Calculate the volume of oxygen at step required to burn 7.45 litres of ammonia gas
4NH3 + 3O2 → 2N2 + 6H2O
Looks like 3/4 as much O2 as NH3
4 NH3 + 5 O2 --> 4 NO2 + 6 H2O
at STP (I think you mean) 22.4 liters/mol of any old perfect gas
7.45 liters * 1 mol/22.4liters) = 0.333 orr about 1/3 of a mol of NH3
we need 5 mols of O2 for every 4 of NH3
so
1/3 mol * 5/4 = 0.4167 mols of O2
0.4167 mols * 22.4 liters/mol = 9.33 liters O2
or we could have just said 7.45 * 5/4 liters
I am not sure if you should burn the nitrogen :)

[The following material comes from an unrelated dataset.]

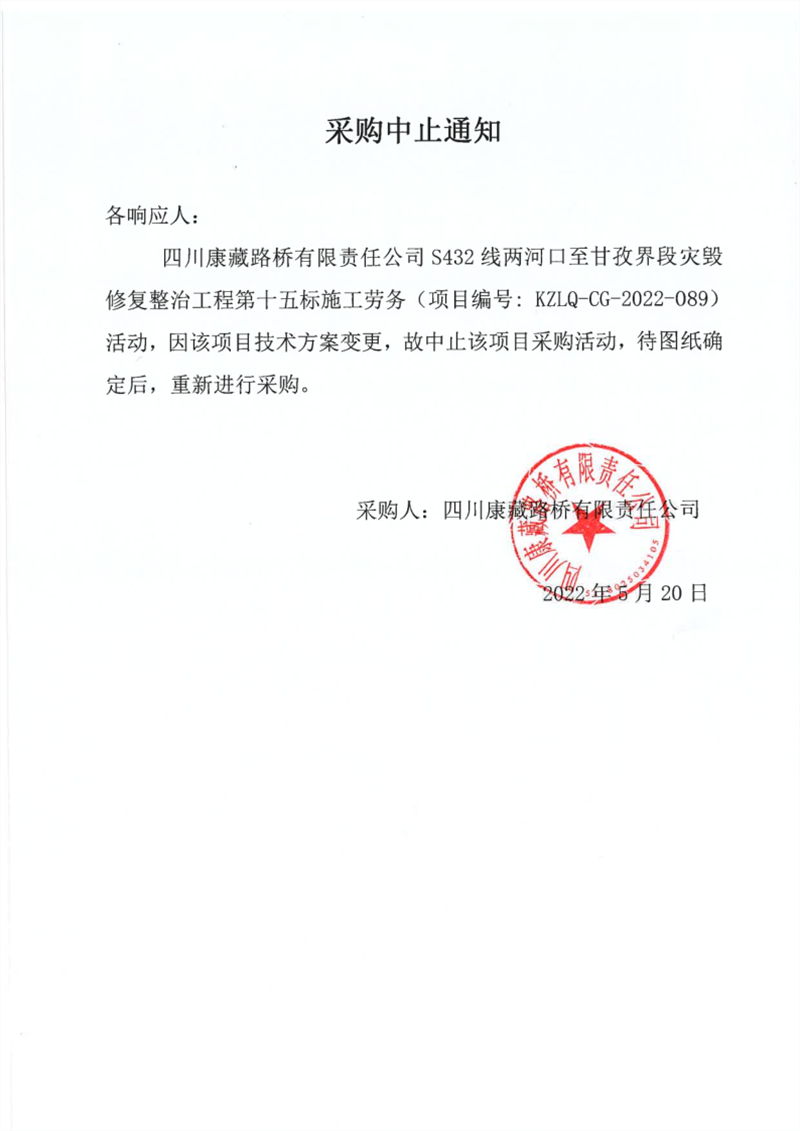 四川康藏路橋有限責任公司S432線寶興縣兩河口至甘孜界段災毀修復整治工程第十五標施工勞務采購中止通知
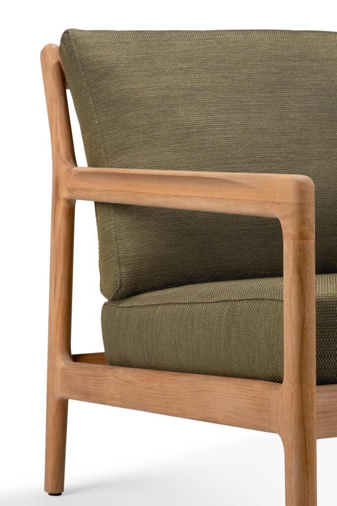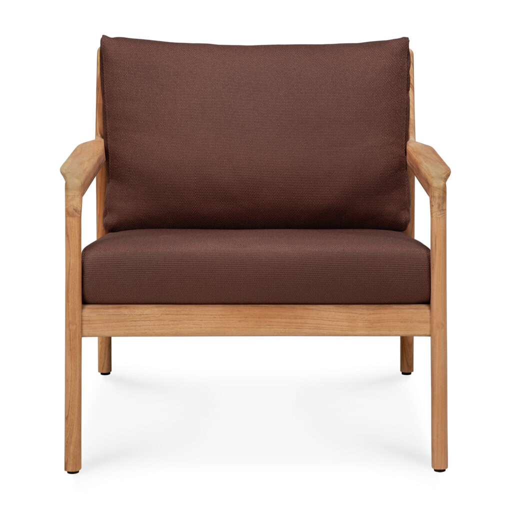 Fauteuil de jardin Jack en teck massif et coussin en tissu 100% polyprop de la marque Ethnicraft.

Aaah! I don't think N2 is the product. At temperatures sufficient to make the reaction NH3 + O2 go, it will be high enough to form NO. As soon as NO is formed it will react with more O2 to produce NO2. So I think the logical equation is
4 NH3 + 5 O2 --> 4 NO2 + 6 H2O (but oxygen is not balanced..See corrected equation at the end).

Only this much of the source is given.